# WORK REQUIRED:
Images should not appear in the copy, yet every line of the listing below must be printed exactly.

# DATA EXCERPT:
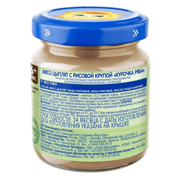 Бабушкино лукошко Пюре Мясо цыплят с рисом с 6 мес., 100 г Пюре мясорастительное гомогенизированное стерилизованное для питания детей раннего возраста Благодаря оптимальному сочетанию мяса с овощами и крупами меню малыша всегда будет разнообразным и полноценным. • - без соли • - с 6 месяцев Состав продукта Мясо цыплят, мука рисовая, масло подсолнечное, вода питьевая. Без ГМО. Без добавления соли. Рекомендации по употреблению Пюре рекомендуется употреблять начиная с 0,5 чайной ложки, постепенно увеличивая к 12 месяцам до 100 г в день. Продукт готов к употреблению. Необходимое количество подогреть до 40-50°С и перемешать. Разогревать продукт в соответствии с правилами эксплуатации бытовых приборов. Упаковка Продукт расфасован в стеклянные баночки массой нетто 100г. При первом вскрытии должен быть ясно слышен ХЛОПОК! Пищевая ценность В 100 г продукта: белки - 5,5 г; жиры - 6,0 г; углеводы – 6,5 г; энергетическая ценность – 100 ккал/420 кДж. Срок хранения Закрытая баночка хранится при температуре от 0°С до +25°С (без резких колебаний) и относительной влажности воздуха не более 75% в течение 24 месяцев с даты изготовления. Содержимое открытой баночки может храниться в холодильнике не более 24 часов. Полезные свойства Цыплёнок – источник полноценного и легкоусвояемого белка, необходимого для роста ребенка, витаминов А и Е, магния. Рис обогащает пюре углеводами и витаминами группы В. Бренд Бабушкино лукошко Страна-производитель Россия
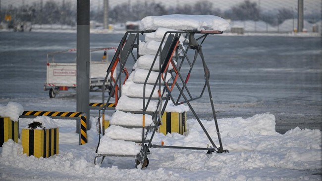 Dilansir AFP, Minggu (5/1/2025), landasan pacu lepas landas dan pendaratan perlu dibersihkan. Pihak bandara menyebut 'mencairkan es di pesawat juga lebih rumit dan lebih sulit.
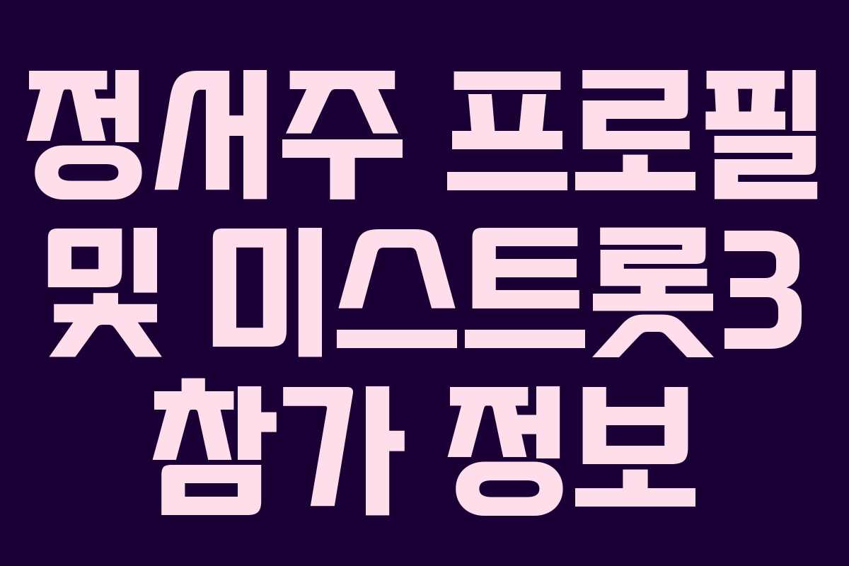 정서주는 현재 인기리에 방영 중인 미스트롯3의 참가자로, 뛰어난 실력과 매력으로 많은 사랑을 받고 있습니다. 이번 포스팅에서는 그녀의 프로필, 공식 유튜브 채널, 커버곡 및 미스트롯3에서의 활약에 대해 자세히 알아보겠습니다.

# SOLUTION TO THIS EXERCISE:
 Бабушкино лукошко Пюре Мясо цыплят с рисом с 6 мес., 100 г Пюре мясорастительное гомогенизированное стерилизованное для питания детей раннего возраста Благодаря оптимальному сочетанию мяса с овощами и крупами меню малыша всегда будет разнообразным и полноценным. • - без соли • - с 6 месяцев Состав продукта Мясо цыплят, мука рисовая, масло подсолнечное, вода питьевая. Без ГМО. Без добавления соли. Рекомендации по употреблению Пюре рекомендуется употреблять начиная с 0,5 чайной ложки, постепенно увеличивая к 12 месяцам до 100 г в день. Продукт готов к употреблению. Необходимое количество подогреть до 40-50°С и перемешать. Разогревать продукт в соответствии с правилами эксплуатации бытовых приборов. Упаковка Продукт расфасован в стеклянные баночки массой нетто 100г. При первом вскрытии должен быть ясно слышен ХЛОПОК! Пищевая ценность В 100 г продукта: белки - 5,5 г; жиры - 6,0 г; углеводы – 6,5 г; энергетическая ценность – 100 ккал/420 кДж. Срок хранения Закрытая баночка хранится при температуре от 0°С до +25°С (без резких колебаний) и относительной влажности воздуха не более 75% в течение 24 месяцев с даты изготовления. Содержимое открытой баночки может храниться в холодильнике не более 24 часов. Полезные свойства Цыплёнок – источник полноценного и легкоусвояемого белка, необходимого для роста ребенка, витаминов А и Е, магния. Рис обогащает пюре углеводами и витаминами группы В. Бренд Бабушкино лукошко Страна-производитель Россия
 Dilansir AFP, Minggu (5/1/2025), landasan pacu lepas landas dan pendaratan perlu dibersihkan. Pihak bandara menyebut 'mencairkan es di pesawat juga lebih rumit dan lebih sulit.
 정서주는 현재 인기리에 방영 중인 미스트롯3의 참가자로, 뛰어난 실력과 매력으로 많은 사랑을 받고 있습니다. 이번 포스팅에서는 그녀의 프로필, 공식 유튜브 채널, 커버곡 및 미스트롯3에서의 활약에 대해 자세히 알아보겠습니다.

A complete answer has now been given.